** Recorded data **
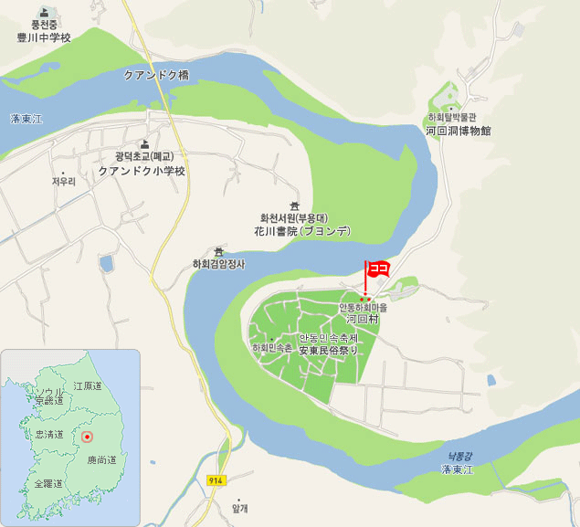 安東市豊山面に位置する河回村(ハフェマウル)は両班の屋敷や藁葺き屋根の小さな庶民の家が立ち並ぶ民俗村です。韓国国内にはいくつか民俗村がありますが、ここは山と川に囲まれた立地条件によって一度も戦火によって破壊されたことがなく昔のままの姿をそのままに残す唯一の民俗村として知られています。1993年にイギリスのエリザベス女王がこの村を訪問され世界的にも知られるようになり外国からの訪問者が増加しています。 この村は180家屋がある豊山柳氏の同姓村。一番の見どころは豊山柳氏の宗家である養真堂(宝物第306号)と、忠孝堂宝物第414号)。どちらも代表的な両班の屋敷である。河回村の特設公演場では3月から11月にかけ、仮面劇等もも行っている。
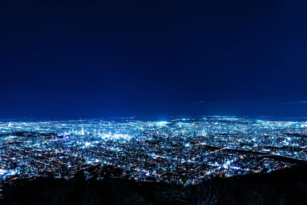 Moiwayama at an altitude of 531 meters overlooking the night view of Sapporo, which has been selected as one of Japan's New Three Great Night Views for the past three consecutive years. The panorama, where the lights of the city continue to Ishikari Bay, attracts visitors.
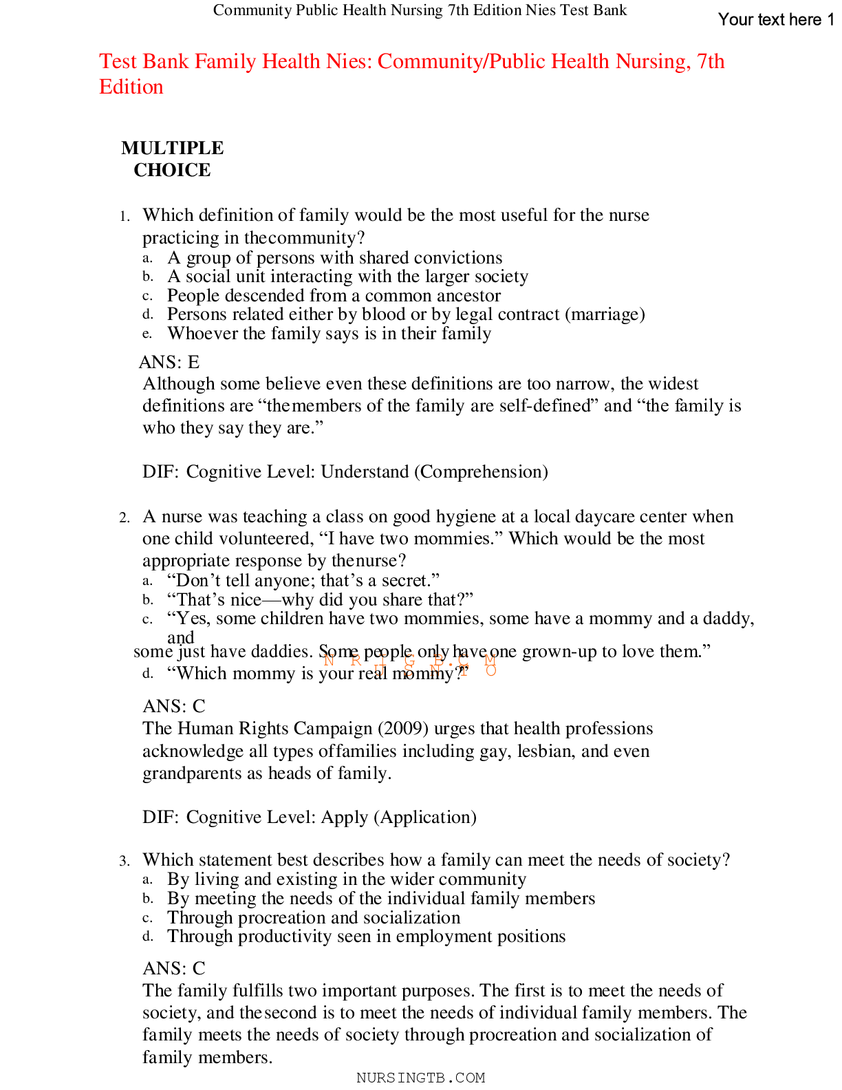 Public Health > TEST BANKS > Test Bank Family Health Nies: Community/Public Health Nursing, 7th Edition (All)

** Problem to solve **
Begin at the line that contains "Moiwayama at an" and transcribe exactly, and only, each line through the final line of the data above, both included; the pictures do not go in.

** Solution for this task **
 Moiwayama at an altitude of 531 meters overlooking the night view of Sapporo, which has been selected as one of Japan's New Three Great Night Views for the past three consecutive years. The panorama, where the lights of the city continue to Ishikari Bay, attracts visitors.
 Public Health > TEST BANKS > Test Bank Family Health Nies: Community/Public Health Nursing, 7th Edition (All)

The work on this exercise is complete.